Andava António Ferreira na escola de cinema em Lisboa, quando começou a filmar “Embargo”, baseado no conto como mesmo título da obra “Objecto Quase” de José Saramago. Na altura o projecto acabou por ficar guardado na gaveta, já lá vão mais de vinte anos. Foi durante a última grande greve dos camionistas em Portugal que lhe surgiu a ideia de voltar a filmar “Embargo”. Inicialmente previu realizar uma curta-metragem, tendo recebido um subsídio de 43000€ do ICA. No entanto, o projecto acabou por se tornar numa longa-metragem, produzida pela produtora do próprio realizador, Persona Non Grata Pictures e contou aindacom a co-produção de Vaca Films (Espanha), Diler e Associados(Brasil) e Sofá Filmes (Portugal). Depois da antestreia no Fantasporto em Março deste ano, onde recebeu uma Menção Honrosa do Júri Internacional, o filme estreou agora nas salas nacionais, com boas críticas, sendo que é considerado como uma “história negra e absurda de que os irmãos Coen se lembrariam”.

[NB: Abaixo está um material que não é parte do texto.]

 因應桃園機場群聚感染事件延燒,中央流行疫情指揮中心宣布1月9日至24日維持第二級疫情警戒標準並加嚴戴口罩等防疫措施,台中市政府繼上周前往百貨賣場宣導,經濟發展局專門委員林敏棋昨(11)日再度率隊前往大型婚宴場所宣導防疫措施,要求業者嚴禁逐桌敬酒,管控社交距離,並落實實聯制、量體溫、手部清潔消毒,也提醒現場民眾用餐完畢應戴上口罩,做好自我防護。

“Embargo” conta a história de Nuno, um homem que trabalha numa roulotte de bifanas, inventou uma máquina que promete revolucionar a indústria do calçado – um digitalizador de pés. A acção passa-se durante um embargo petrolífero em que Nuno tenta obcecadamente vender a máquina, ofuscado por um sucesso que o fará descuidar-se de algumas coisas importantes da sua vida, como a família. Quando Nuno fica estranhamente preso no seu próprio carro e perde uma oportunidade única de finalmente produzir o seu invento, vê inesperadamente a sua vida embargada.

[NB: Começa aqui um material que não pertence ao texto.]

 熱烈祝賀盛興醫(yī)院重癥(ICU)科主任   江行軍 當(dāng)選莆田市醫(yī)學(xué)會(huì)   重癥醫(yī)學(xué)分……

Esta é a terceira adaptação de José Saramago ao cinema, depois de “Jangada de Pedra”, de Georges Sluizer (2000), e “Ensaio Sobre a Cegueira” (2008 ), de Fernando Meirelles. Embora as obras de Saramago sejam muito cinematográficas, muito visuais, não são fáceis de se adaptar. Tal como em todas as obras de Saramago, esta não deixa de ser de cariz social, fazendo uma crítica aos monopólios petrolíferos. O conto “Embargo” é muito curto, é uma anedota absurda e de humor negro. Tiago Sousa escreveu um fantástico argumento, que consegue ser ainda melhor que o conto original de Saramago. Nesta história onde tudo é possível, onde o mundo do absurdo impera, nada nos é justificado. O que de certa forma é bom. A conclusão a que podemos chegar é que há coisas na vida que são difíceis de explicar. Por outro lado, elas não acontecem por acaso.

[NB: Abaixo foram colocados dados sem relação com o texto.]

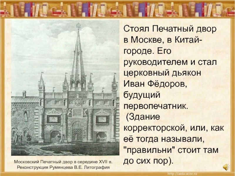 Печатный двор в Москве, в Китай-городе. Его руководителем и стал церковный дьякон Иван Фёдоров, будущий первопечатник.

A realização de António Ferreira é de destacar com nota máxima. O filme está muito bem realizado, com movimentos de câmara excelentes, que marcam o ritmo do filme. A fotografia, da autoria de Paulo Castilho, é outra característica positiva do filme, com tons acastanhados, consegue criar um mundo, por vezes onírico. Também a Banda Sonora, da autoria de Luís Pedro Madeira, é adequada para o género de filme. O elenco apesar de pequeno é grandioso. Filipe Costa, o protagonista, é sem dúvida um actor promissor. No elenco figuram ainda Cláudia Carvalho, Pedro Diogo, José Raposo e Fernando Taborda.
“Embargo” é o reflexo do novo cinema português e talvez um dos melhores filmes portugueses deste ano. Penso que não será um filme bem aceite pelo público em geral, pela dificuldade na compreensão da historia, que apesar de simples, é complexa na medida em que nada é, aparentemente, justificado. Assim é Saramago!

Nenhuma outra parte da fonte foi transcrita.